## Goal of the exercise
Each line from the one with "woman commits adultery." through the last line of the material is to be printed exactly; no other line and no picture belongs in the copy.

## Collected data

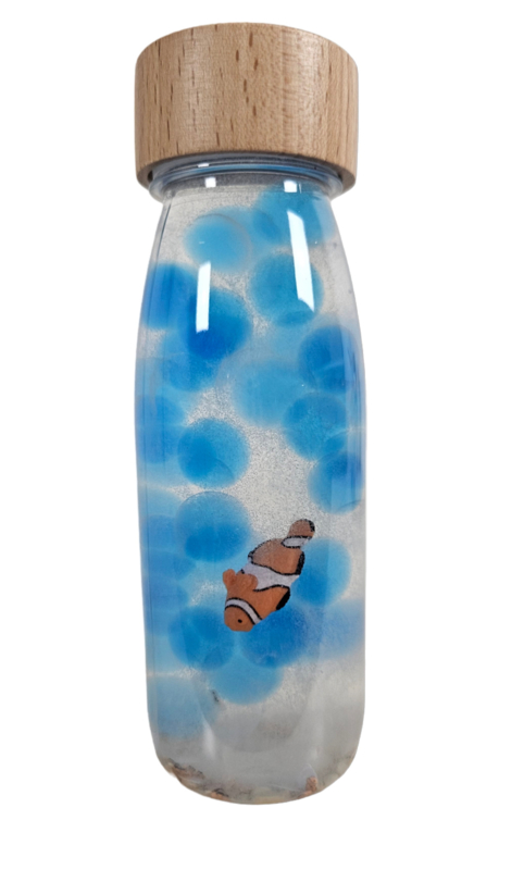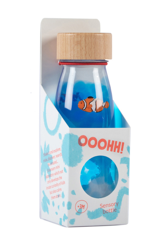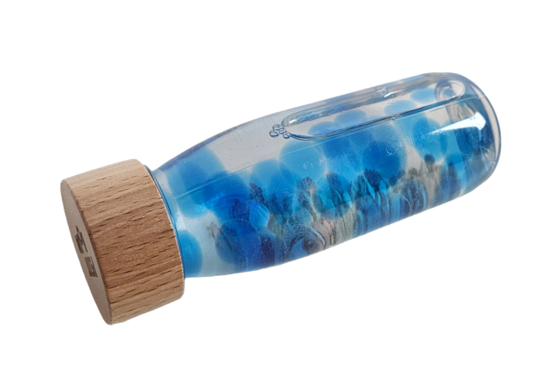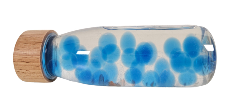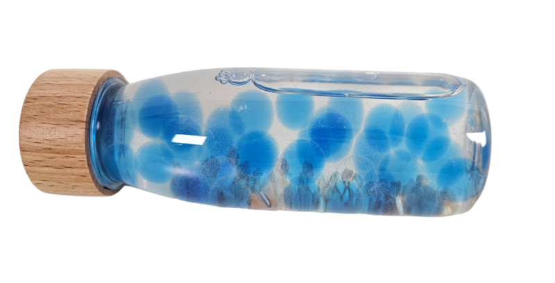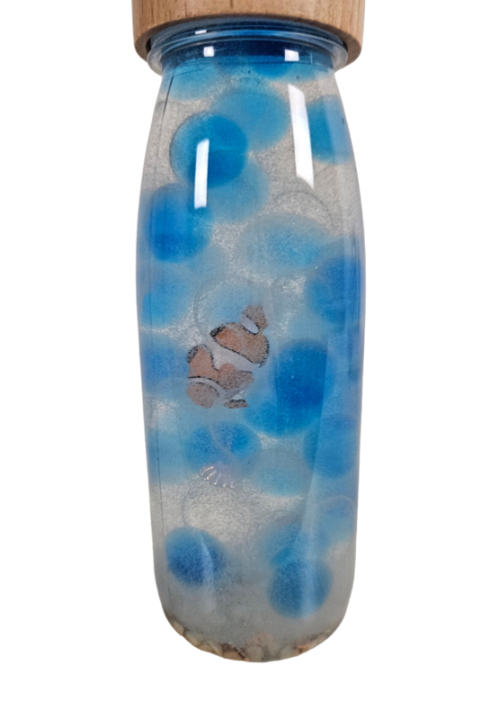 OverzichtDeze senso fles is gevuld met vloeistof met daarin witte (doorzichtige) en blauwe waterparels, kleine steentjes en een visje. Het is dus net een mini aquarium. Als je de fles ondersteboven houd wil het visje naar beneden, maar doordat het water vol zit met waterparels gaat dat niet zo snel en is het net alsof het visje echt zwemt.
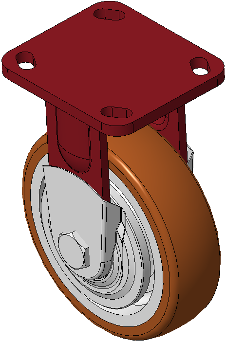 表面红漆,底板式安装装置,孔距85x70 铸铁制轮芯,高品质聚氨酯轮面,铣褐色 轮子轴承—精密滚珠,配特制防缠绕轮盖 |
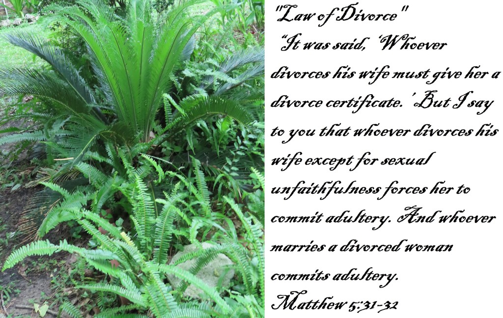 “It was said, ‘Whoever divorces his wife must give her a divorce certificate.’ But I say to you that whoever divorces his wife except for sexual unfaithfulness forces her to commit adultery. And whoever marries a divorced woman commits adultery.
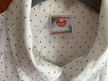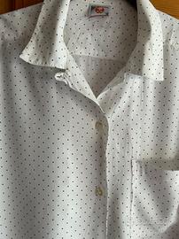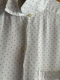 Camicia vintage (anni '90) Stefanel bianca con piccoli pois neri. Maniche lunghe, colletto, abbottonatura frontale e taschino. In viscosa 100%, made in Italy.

## Response to the task
 “It was said, ‘Whoever divorces his wife must give her a divorce certificate.’ But I say to you that whoever divorces his wife except for sexual unfaithfulness forces her to commit adultery. And whoever marries a divorced woman commits adultery.
 Camicia vintage (anni '90) Stefanel bianca con piccoli pois neri. Maniche lunghe, colletto, abbottonatura frontale e taschino. In viscosa 100%, made in Italy.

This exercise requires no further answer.